I put my hand against the tree once more and now that I was prepared for the tree’s song, it was soothing.
One of the duende came out from behind the tree and, using my arm as a bridge, walked to my shoulder. He began to braid my hair and chittered to me. It sounded like gossip, but I was guessing.
“Oh. Oh wow,” Dante whispered. He did not seem too surprised but he grew up reading fantasy novels, so it probably made sense that there were small, green people living in the forest where we grew up.
“I know!” I said and grinned.
“What are they? Do they have names?” Dante said and continued to stare at the duende pulling on my hair.
"Duende.

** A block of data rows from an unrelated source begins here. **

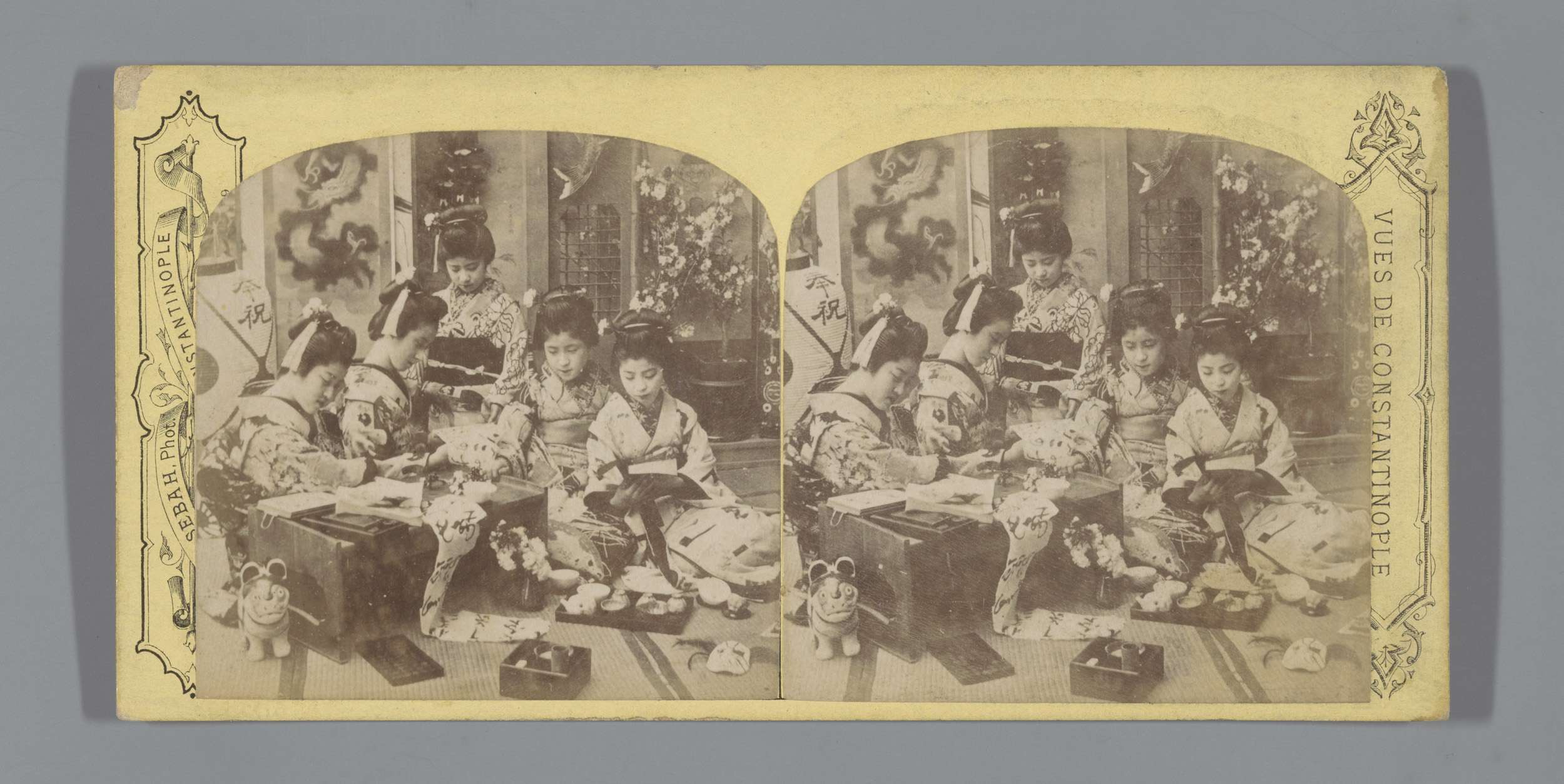 Japans interieur met vijf Japanse meisjes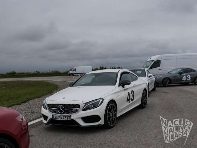 Na „hendling“ poligonu imali smo priliku da isprobamo AMG pripremljene modele: C43 AMG, C63 S AMG, SLC43 AMG, A45 AMG i… AMG GT S! Novi „mini“ AMG modeli sa oznakom 43 imaju po 367KS, dok GT S i C63S imaju daleko potentnije agregate sa po 509KS. Naravno, GT S, kao model koji je u od početka razvijan od strane AMG odeljenja je pokazao koliko je, zapravo, dramatična razlika u odnosu na druge modele koji su takođe sa AMG oznakom. Video snimak, na žalost, nema zvuk. Mikrofon u automobilu nije bio uključen, tako da smo uskraćeni za potmulu grmljavinu V8 biturbo AMG motora.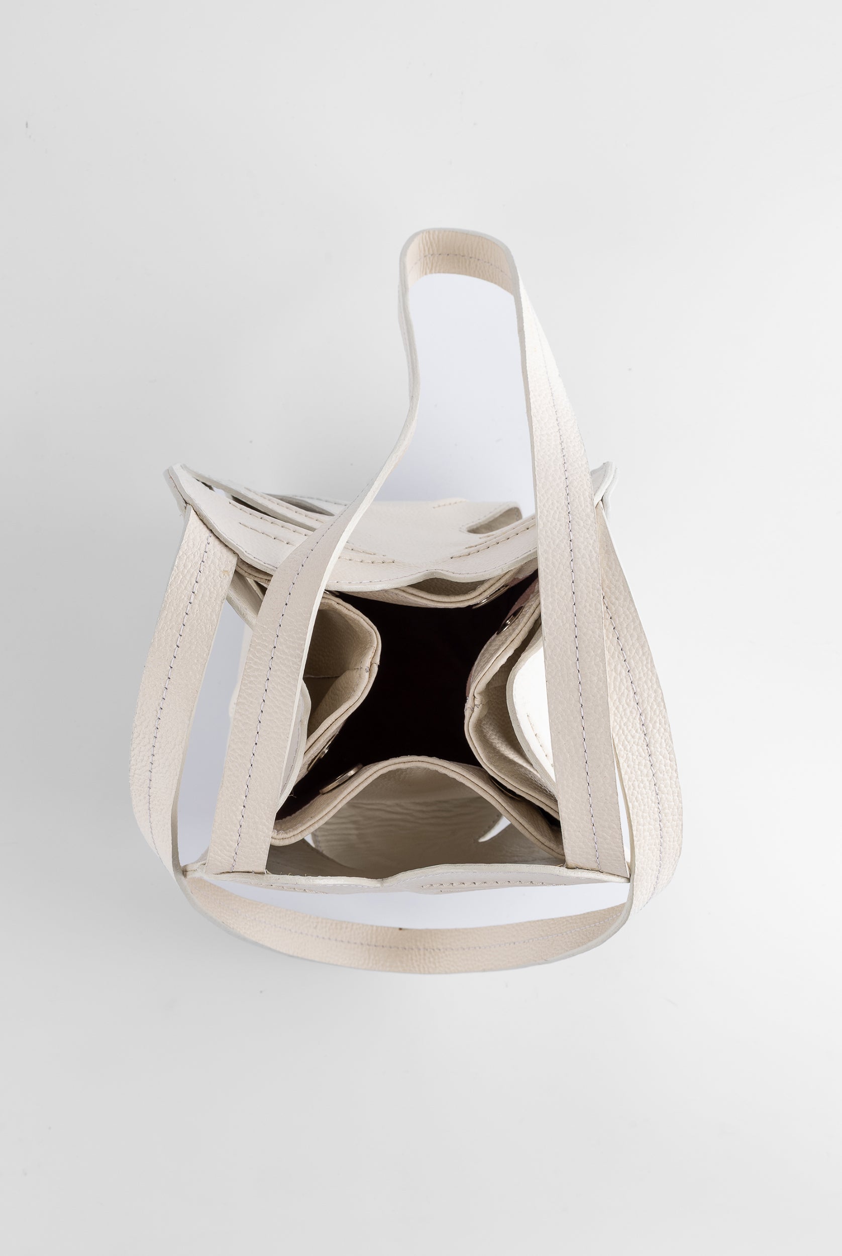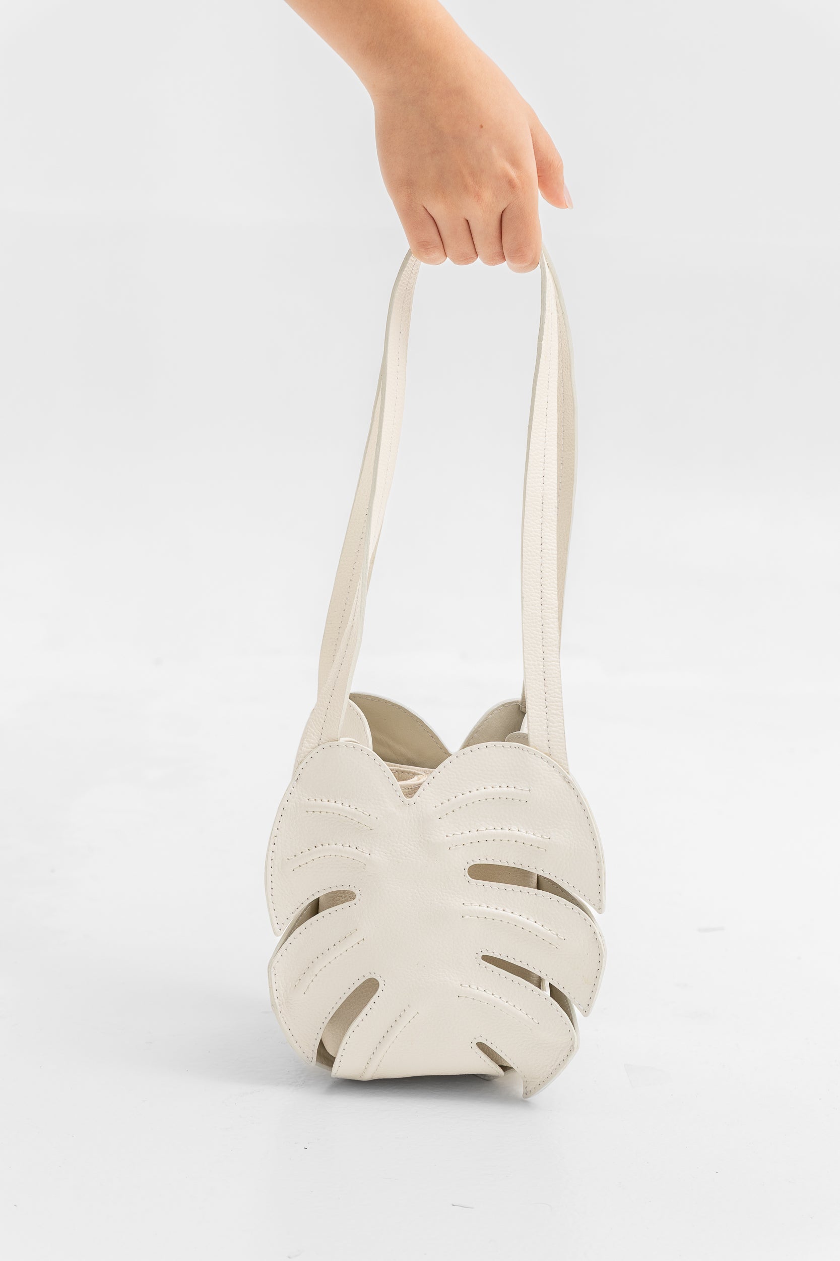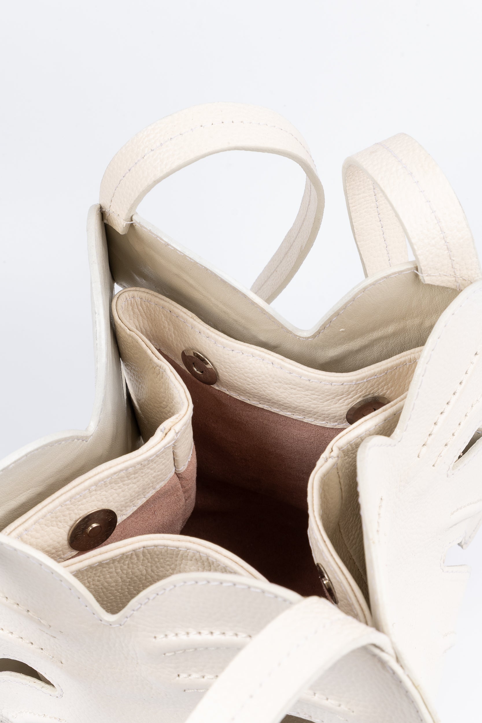Bolso mediano en cuero tradicional, en tono hueso, que reinterpreta la belleza exótica de la palma folclórica, playera y fresca. Su estructura se compone de cuatro hojas de palma, forradas internamente en cuero, con un delicado efecto abullonado que aporta volumen y realismo. Las cuatro piezas se unen formando una canasta escultórica y singular, pensada para acompañar días luminosos con un aire natural y sofisticado.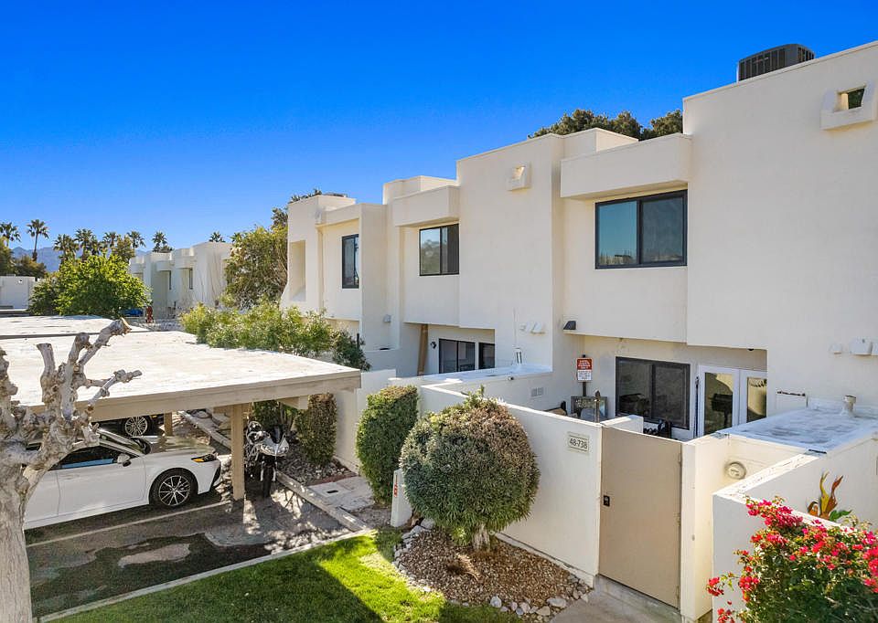 Here is your opportunity to own a beautiful 2 BD/2BA condo, ideally located in South Palm Desert. Nestled in the highly desirable Mountainback development, here you are about a mile up Hwy 74 from upscale shopping, fabulous restaurants as well as the acclaimed art galleries of El Paseo. This home is a fantastic piece of modern architecture, situated on a tranquil interior lot, surrounded by greenery, and overlooking a sparkling pool...which is just steps from your patio. This property has been extensively remodeled, including a new kitchen, posh luxury vinyl flooring, designer paint and plush new carpeting. Your new home has 2 patios, one overlooking the pool, while the other is a secluded courtyard off the kitchen...a perfect mediation space, or quiet spot to enjoy morning coffee. There is so much to offer in Mountainback, including 3 pools, 2 spas, lighted tennis courts, greenspace and clubhouse making this your own private resort, all this plus low HOA dues! Step outside your lush community and you have some of the best hiking trails at your feet. Hurry and schedule your private tour today! All information deemed reliable and buyer to verify.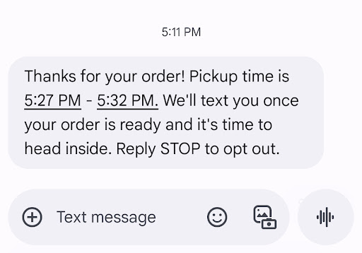 I ordered online (08/02 at 2:22pm) for my family and I to have a quick convenient meal. It said that I would receive a text message when the order was ready, but I didn't receive one. Luckily I live around the corner, and was able to get there.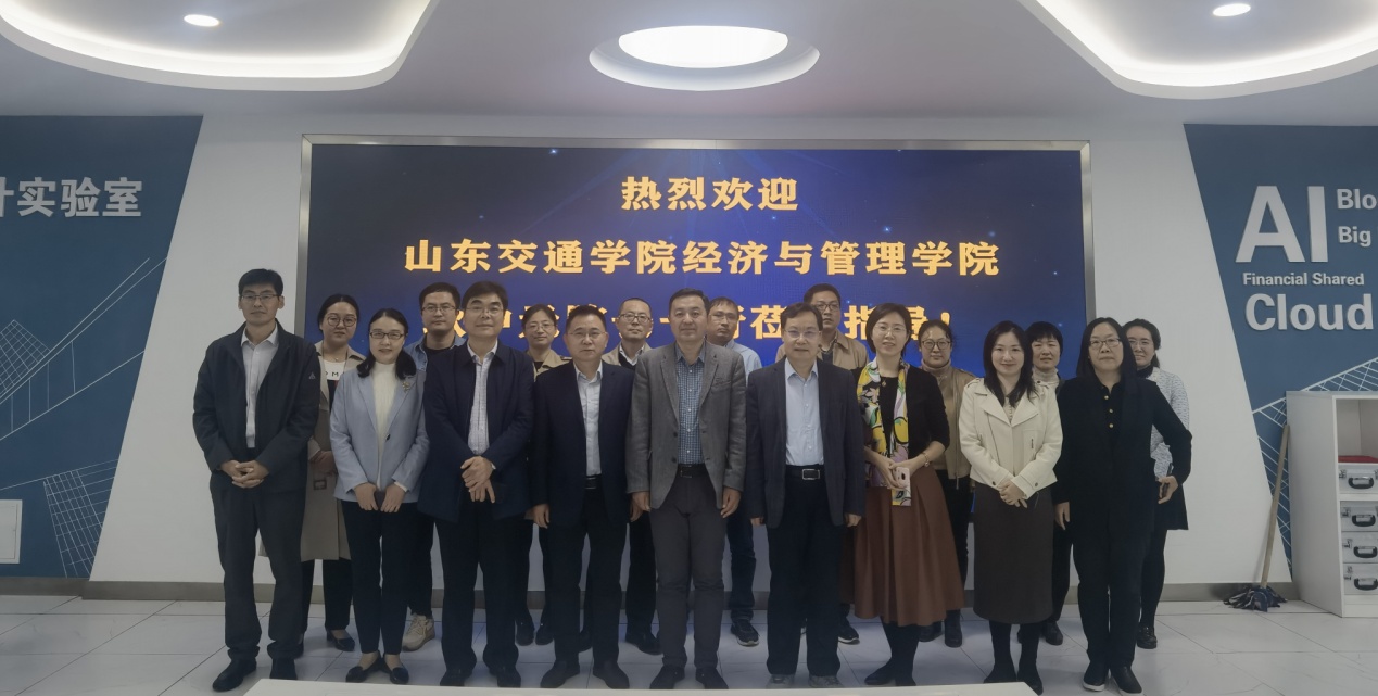 10月24日,山东交通学院经济与管理学院院长耿中元,副院长孙烨、聂云霞、张蕾一行八人来访注册送彩金 。注册送彩金 学党委书记邵文涛,院长葛永波,智能会计与数字企业研究院院长王爱国等出席交流活动。双方就数字经济时代人才培养模式改革、智能会计人才培养体系建设、实践教学开展等方面进行了深入交流,并参观了燕山校区智能会计实验室。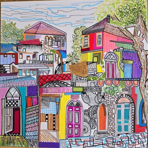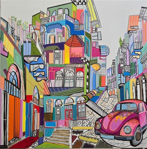 Her approach to painting is focused on geometric, vibrant compositions, rich in striking colour. The overarching message behind her work provokes her audience to find beauty and sensitivity amid all the ugliness around us. Her favorite artists are Salvador DalÃ, Pablo Picasso, and Wajih Nahle.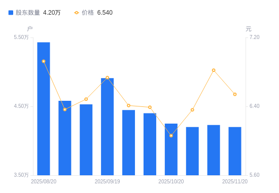 近一年(2024年11月20日至2025年11月10日),新朋股份A股股东户数从3.38万户,增加至4.23万户,增幅25.15%,区间股价上涨22.40%。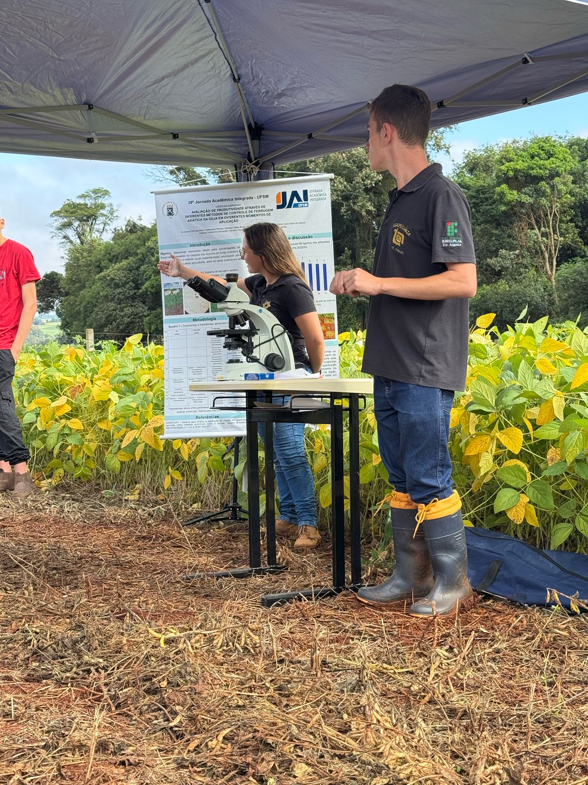 *Estação 3. Manejo de Ferrugem: Na estação foram apresentados os cuidados necessários e práticas de manejo, desde a utilização de fungicidas, manejos, e resultados de pesquisa. Ainda, foi apresentado o coletor de esporos, o principio de funcionamento e as vantagens da utilização destes.
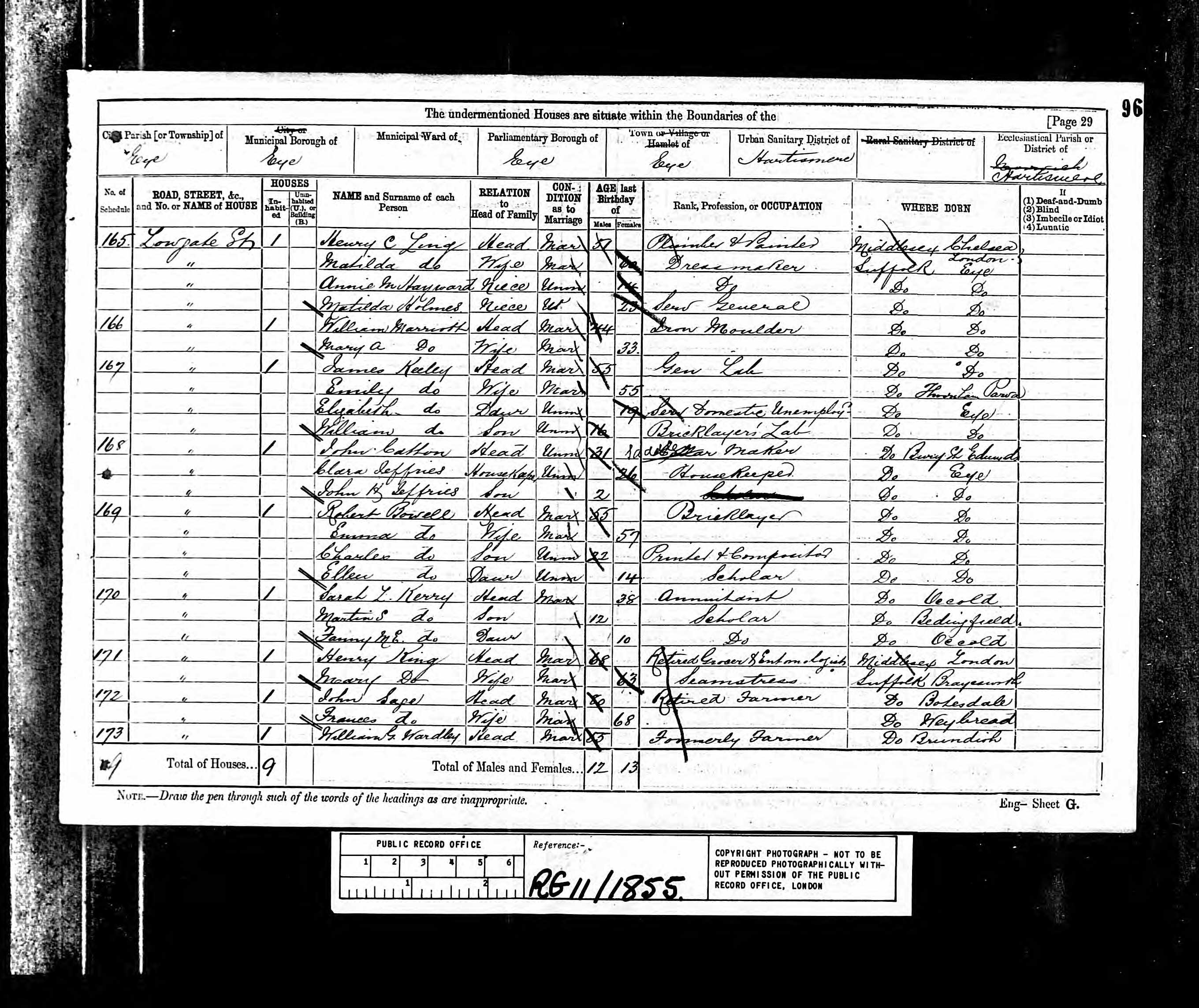 1881 England and Wales Census; Class RG11, Piece 1855, Folio 96, Page 29, Schedule 172.

I haven't been formally introduced and I'm not even sure we could pronounce their names but aren't they cool?" I said.
“So cool. Are they- I mean, they aren’t mean to you, but are they mean? In general?” Dante asked. I noticed that a few dozen more were popping up out of nowhere.
"I think as long as you are respectful to the forest, you'll be fine. I think if you piss them off, they'll eat you. And you, buddy, look like you could feed their clan for a year," I said and eyed Dante. He was carrying more muscle now than the last time I saw him, three days earlier.
“I know. Weird, right? I’m super fast too. Strong. Weirdly strong,” he said, his eyes wide.
I poked his bicep. “You should be. Are you bulletproof too? To round out the whole superhero thing you have going on, I mean.”
“Eli?” Dante said and turned to him.
“Yeah?” He looked up from the intense but quiet argument he was having with Artie.
“Am I bulletproof?”
Artie turned around at that question and both brothers made a face.
“Sort of. Depends. It’s not fun, getting shot, so don’t try it without Cee around,” Eli advised.
“That doesn’t sound promising,” I muttered.
Dante looked troubled.
We sat and let the duende pull our hair into complicated braids until Artie and Eli turned around and faced us.
It was the first time since I woke up that I saw Eli. I don’t know what I expected, knowing what I did. Maybe some kind of revelation, maybe for him to be plainer, more ordinary now that I understood the most central fact about him. Instead, he seemed more himself, like he was now able to move freely as he was meant to, comfortable in his own skin. He studied both of us for a long moment before he sighed and looked at Artie.
“It’s the only thing I can think of. And Azolata might have a better idea on how to go forward,” Artie said.
Eli bared his teeth, a move that was so wolflike, I had to choke down my laughter.
When I looked at Dante, he was doing the same thing, trying to mimic the same look of fierce disgust.
I couldn’t stop my laughter at him. He looked like a puppy trying to stare down a much bigger dog.
“Come on. I’ll tell Lou to buy you a donut,” Artie said and patted his older brother.
Eli gave in and we all followed Artie out of the woods. At the last moment, I turned and waved at the duende, who were gathered around the rocks we had been sitting on. They waved back.